Premier discours de Yasser Arafat devant l'Assemblée générale des Nations unies

Texte rédigé par l'équipe de Perspective monde

Yasser Arafat

Le président de l'Organisation de libération de la Palestine (OLP), Yasser Arafat, prononce un discours historique lors de la 29e session de l'Assemblée générale de l'Organisation des Nations unies (ONU), à New York. Cette session est présidée par le ministre des Affaires étrangères de l'Algérie, Abdelaziz Bouteflika.

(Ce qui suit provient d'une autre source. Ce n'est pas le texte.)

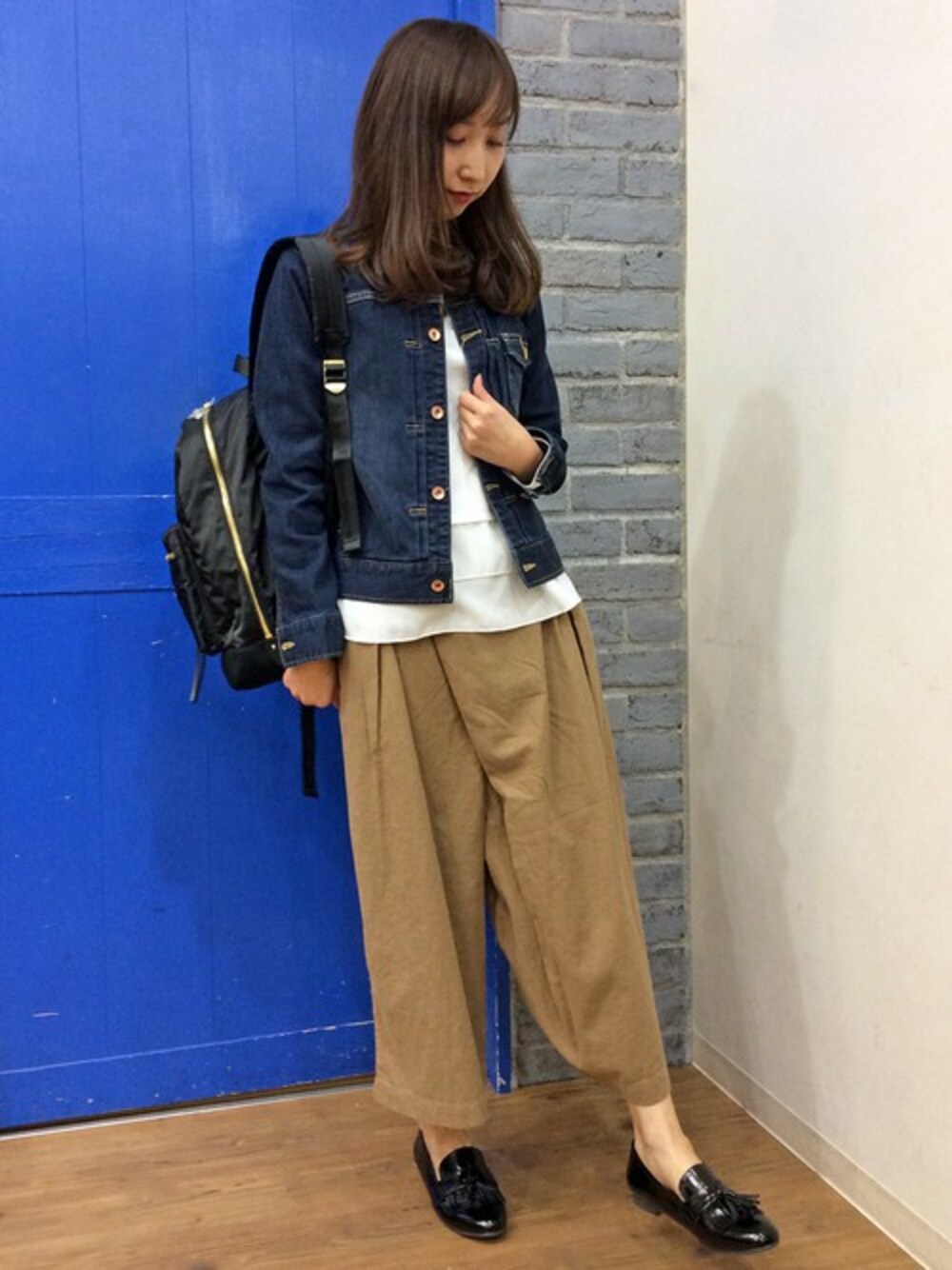 春の休日におすすめのラフスタイル。 トップスは、リラックス感のある素材にふんわりシフォン。裾がティアードデザインになっていて、一枚で着ても様になるアイテム。 シンプルにクロプトパンツ+アクセで通勤にも着回せます。 今回は、Gジャンに旬のガウチョパンツを合わせてカジュアルにまとめました♪

En 1974, l'OLP, que dirige Yasser Arafat, tente d'obtenir la reconnaissance internationale. Sa cause avance de façon notable le 22 septembre 1974. L'Assemblée générale de l'ONU inscrit alors pour la première fois la question palestinienne à son agenda dans les sujets à débattre. Auparavant, celle-ci faisait partie intégrante de la question générale du Moyen-Orient. Malgré une forte opposition d'Israël, l'ONU prend la décision historique d'inviter l'OLP à prendre part aux débats concernant la question palestinienne. Le résultat du vote est le suivant : 104 pour, 4 contre (dont Israël et les États-Unis) et 20 abstentions. Lors de sa première allocution devant l'Assemblée générale de l'ONU, le 13 novembre, Arafat déclare que le but de son organisation demeure la création en Palestine d'un État démocratique où chrétiens, juifs et musulmans pourront vivre dans la justice, l'égalité et la fraternité. Le 22 novembre, l'Assemblée générale de l'ONU reconnaît les «droits inaliénables» des réfugiés palestiniens de retrouver leurs maisons et leurs biens. Elle affirme également le droit à l'autodétermination du peuple palestinien. Dans une seconde résolution, l'OLP se voit octroyer le statut d'observateur et est considérée comme acteur principal dans l'établissement d'une paix durable au Moyen-Orient. L'OLP est la première Organisation non-gouvernementale à prendre part à une assemblée plénière de l'ONU.

Dans les médias...


Ania Francos, «Nations unies et territoires occupés : un nouveau front»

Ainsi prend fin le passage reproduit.